13 October 2005

Holy cow! I'm in Paris!

This one's for Pico...

So, this morning I was riding the bus up to the Bibliothèque Nationale and remembered Pico's advice (Don't forget to wake up every morning and say "Holy ____, I'm in Paris!"). As we drove northwest out of the Place Denfert-Rochereau, we passed the Observatoire de Paris and the Cimitière Montparnasse. Moments later, I could see the infamous Tour Montparnasse (Montparnasse Tower)--the only skyscraper in Paris proper, about which Parisians have been complaining since it was built. Passing through the 6th arrondissement into the 7th, the Eiffel Tower appeared over the rooftops.

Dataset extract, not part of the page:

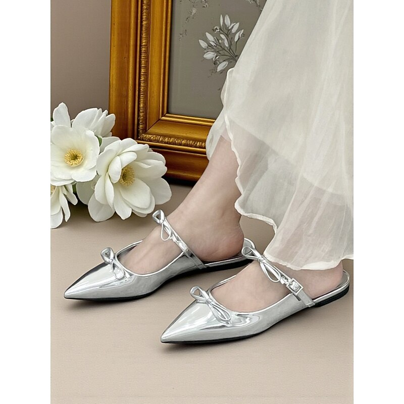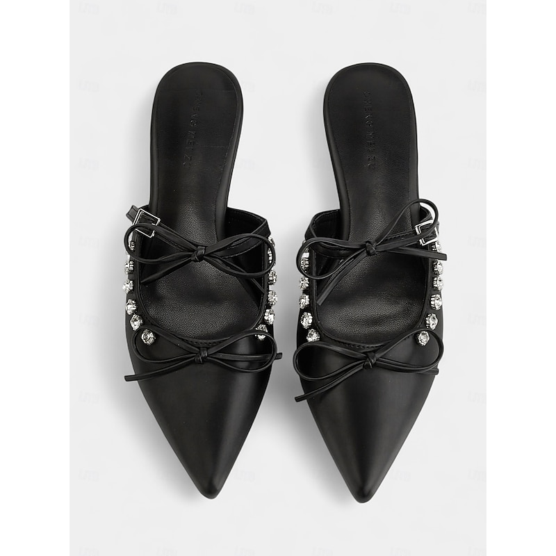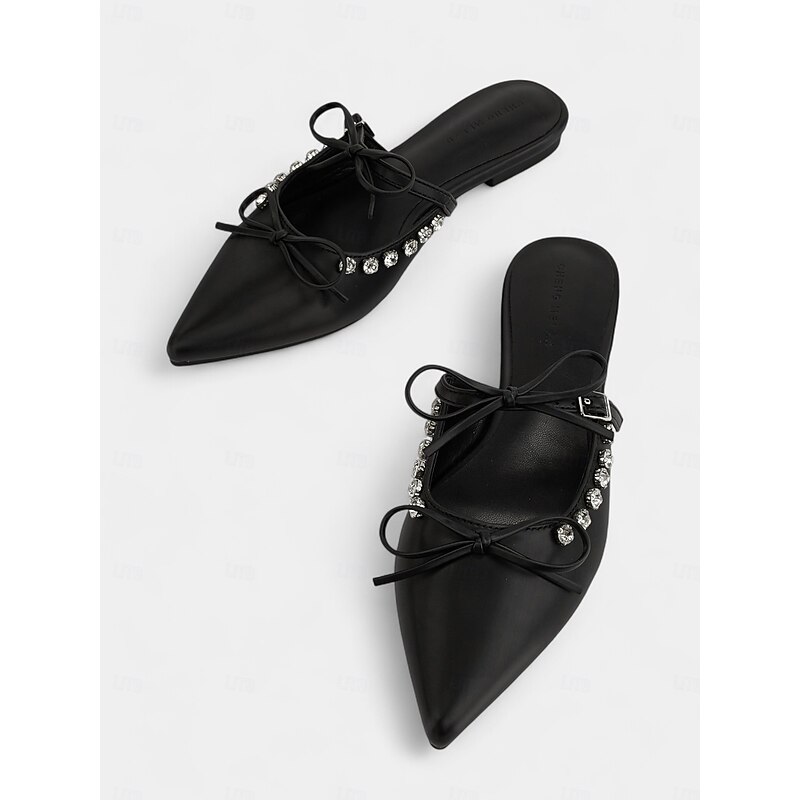 Women's Black Pointed Toe Flats with Rhinestone Embellishments and Double Bow Straps - Elegant Nightlife Party Shoes 17

Moments later, the bus crossed the Seine on the Pont Royal (Royal Bridge), providing a gorgeous view of the Grand Palais and the waterfront, with the Eiffel Tower seeming to emerge from the Musée d'Orsay. I quickly turned my head as we entered the 1st arrondissement through the south gates of the Louvre. Going through the Place du Carrousel, I had the difficult choice of looking to the right at I.M. Pei's Pyramid and the Musée du Louvre, or looking to the left at the great Parisian trilogy--the Arc du Triomphe du Carrousel, the Arc de Triomphe, and the Grande Arche de la Défense (when viewed from this location, the three line up perfectly, with no buildings obstructing the view of any of them).

After passing through the north gates of the Louvre, we went past the Palais Royal and the Comédie-Française (or as I like to think of it, the Theatre-that-Molière-built). This put us on the avenue de l'Opéra, which affords the best possible view of the Palais Garnier (the old home of the Paris Opéra and the theatre in which "Phantom of the Opera" supposedly took place).

The ride home at the end of the day takes a slightly different route, offering me additional views of Obelisk in the Place de la Concorde and the Palais Bourbon, home of the Assemblée Nationale (the equivalent of the US House of Representatives).

Yes, we love the food here, the weather's been better than I expected, and the people are great. The museums here hold some of the world's greatest art, too. But the greatest work of all has to be the city itself. When you come to visit, be sure to spend time just looking at the city. Ride the buses when you can, so you can watch the neighborhoods pass by and get a feel for what it's like to live amongst all these monuments.

Oh yeah, and be sure to say, "Holy (fill in the blank), I'm in Paris!"